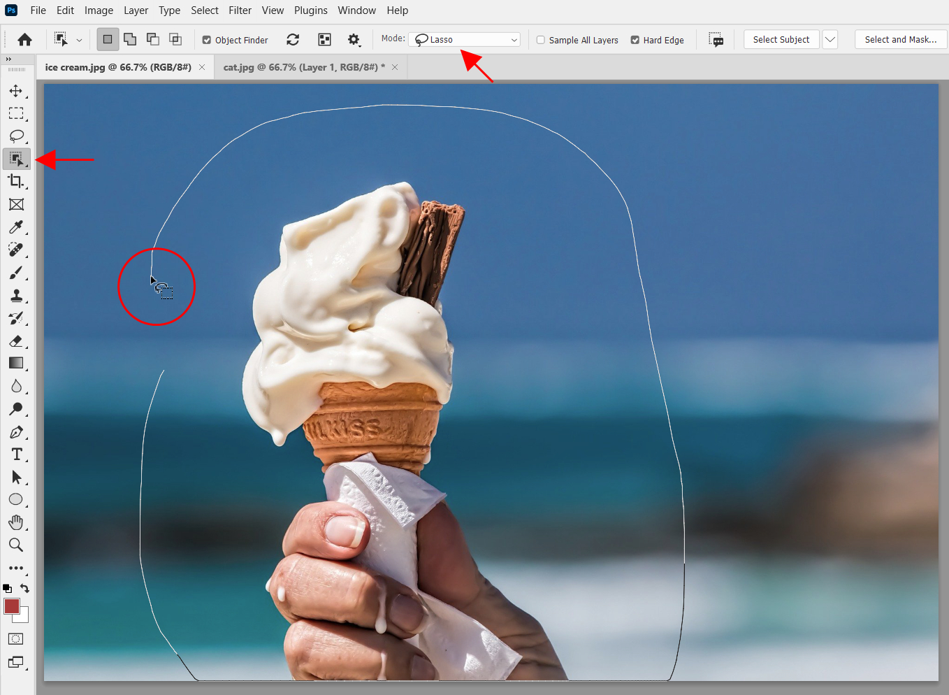 2) 모드(Mode)에서 올가미(Lasso) 옵션 지정
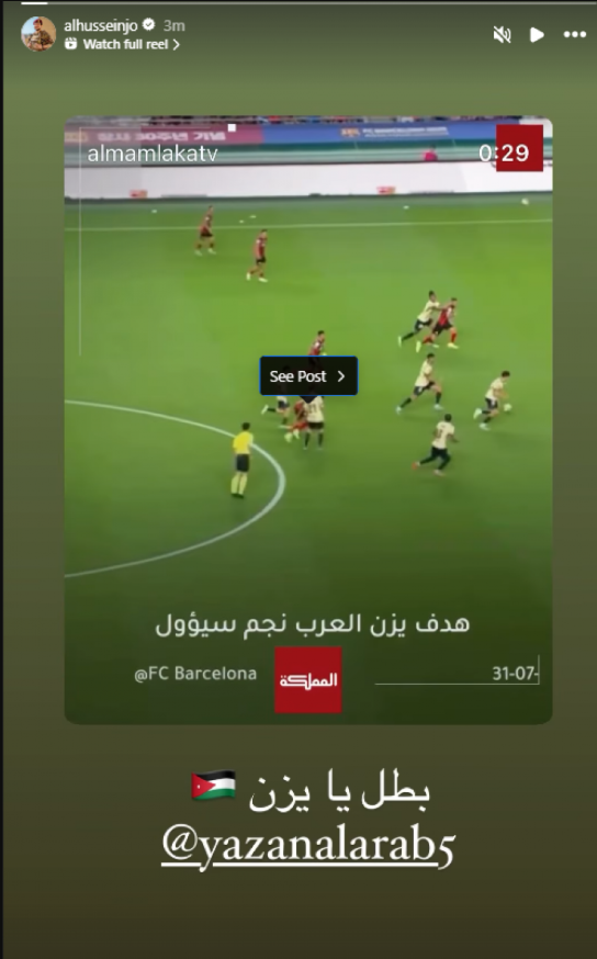 أعاد سمو الامير الحسين بن عبدالله الثاني، ولي العهد، نشر هدف نجم منتخب النشامى ونادي سيؤول الكوري الجنوبي يزن العرب بمرمى نادي برشلونة الإسباني.
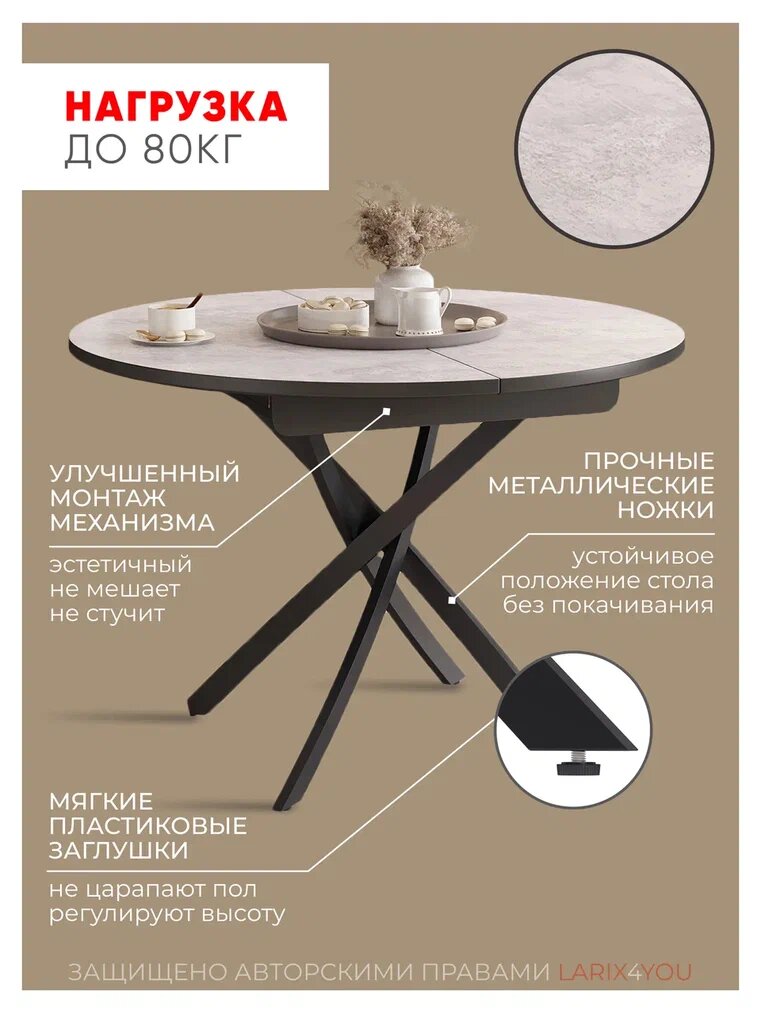Стол кухонный раздвижной круглый, элегантный Фаерстоун , 90х90 см
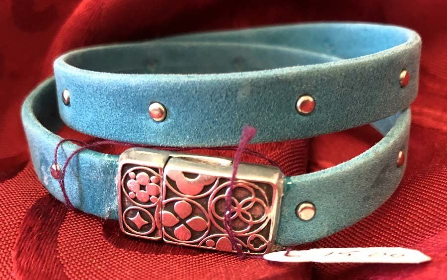 Blue Suded Leather 10mm Double with magnetic clasmp
============================================================
Exercise requirements:
The listing is to be reproduced in full and exactly, except that its pictures are to be dropped.

Reply:
 2) 모드(Mode)에서 올가미(Lasso) 옵션 지정
 أعاد سمو الامير الحسين بن عبدالله الثاني، ولي العهد، نشر هدف نجم منتخب النشامى ونادي سيؤول الكوري الجنوبي يزن العرب بمرمى نادي برشلونة الإسباني.
Стол кухонный раздвижной круглый, элегантный Фаерстоун , 90х90 см
 Blue Suded Leather 10mm Double with magnetic clasmp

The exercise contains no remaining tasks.